UF team to study lung cancer screening in veterans

A team of University of Florida researchers led by Yi Guo, Ph.D., an associate professor in the department of health outcomes and biomedical informatics in the UF College of Medicine, has received a two-year $200,000 grant from the U.S. Department of Veterans Affairs to identify geographic hotspots of low adherence to lung cancer screening in veterans. 

Yi Guo, Ph.D.

Through the project, funded by the Veterans Affairs Center of Innovation on Disability & Rehab Research, the team will build geospatial models to examine how race and rurality interact with social determinants of health to impact lung cancer screening adherence in veterans. 

The new project aligns with the mission of the UF Health Cancer Center by studying disparities in cancer screening for one of the center’s priority cancers. In the geographical area that the UF Health Cancer Center serves, the incidence of lung cancer is higher for women and men and both the white and Black populations than state rates. 

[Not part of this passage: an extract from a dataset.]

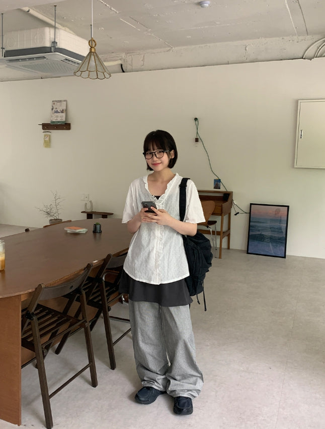 Beita Stripe Wide Cotton Pants
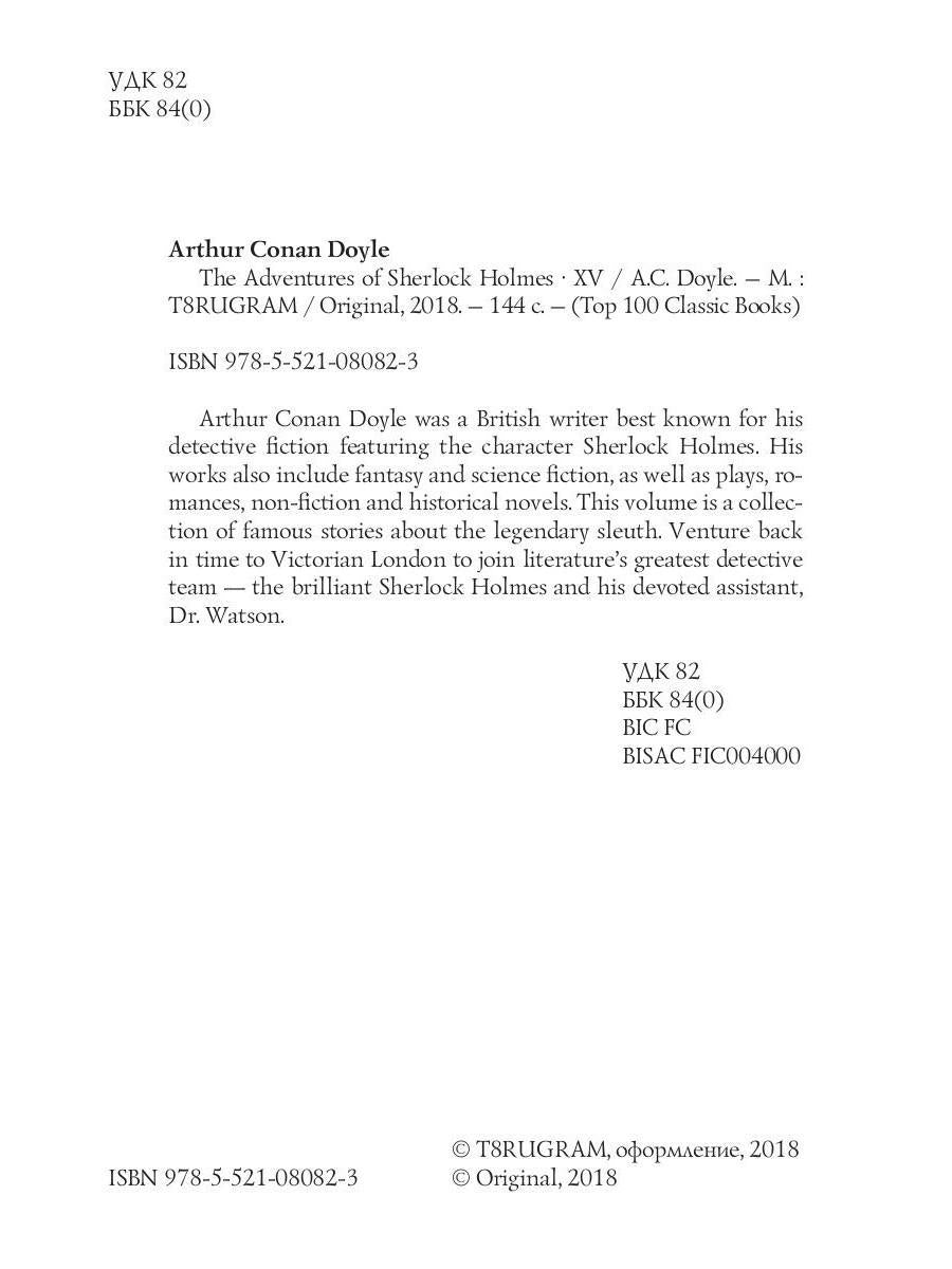 Автор: Дойл Артур Конан, «The Adventures of Sherlock Holmes XV. The Speckled Band and Other Plays. Приключения Шерлока Холмса XV. Пстрая лента и другие пьесы: на англ.яз»: Arthur Conan Doyle was a British writer best known for his detective fiction featuring the character Sherlock Holmes. His works also include fantasy and science fiction, as well as plays, romances, non-fiction and historical novels. This volume is a collection of famous stories about the legendary sleuth. Venture back in time to Victorian London to join literature's greatest detective team — the brilliant Sherlock Holmes and his devoted assistant, Dr. Watson.

Guo, a member of the UF Health Cancer Center’s Cancer Control & Population Sciences research program, is collaborating on the new project with Mi Jung Lee, Ph.D., BSOT, a research assistant professor at the University of Texas Medical Branch; Jiang Bian, Ph.D., professor and division director of biomedical informatics in the department of health outcomes and biomedical informatics; and Aokun Chen, Ph.D., an assistant scientist in the department of health outcomes and biomedical informatics.  

Guo and Bian, who serves as chief data scientist and chief research information officer at UF Health, are also co-directors of the UF Health Cancer Center’s Cancer Informatics Shared Resource, which is supporting the new project.